1​.​ Data is split into 5 parts, let’s call them A-B-C-D-E. A contains the oldest reviews, E contains the most recent reviews.

2​.​ An algorithm is trained on A and evaluated on B. Let’s call the error that is obtained at this step error 1.

3​.​ An algorithm is trained on A and B and evaluated on C to obtain error 2.

4​.​ An algorithm is trained on A, B and C and evaluated on D to obtain error 3.

5​.​ An algorithm is trained on A, B, C and D and evaluated on E to obtain error 4.

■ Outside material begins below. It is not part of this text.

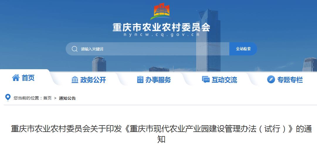 《重庆市现代农业产业园建设管理办法(试行)》最新通知!

6​.​ The final error is a simple average of four errors, and the final parameters are from step 5.

This procedure is used for all algorithms except for RWKV. Thanks to this clever way of splitting data, no data is thrown away while at the same time the algorithm is trained on different data than it is evaluated on, so we get a realistic estimate of how it would perform on new, previously unseen data.

By the way, this is not how “Evaluate” works in Anki. “Evaluate” uses a simplified procedure to avoid optimizing parameters every time the user wants to evaluate them - it just evaluates the specified parameters on the entire history, without optimizing them and without any splitting; training set=test set. “Evaluate” can only tell the user how well the parameters fit the current review history aka the training set. But the benchmark should evaluate the algorithm’s ability to generalize beyond the training set data. In Anki 25.06 “Evaluate” has been removed and replaced with a health check.

I hope this diagram helps:

How benchmarking is done 3 1

Split A is not used for evaluation, split E is not used for training.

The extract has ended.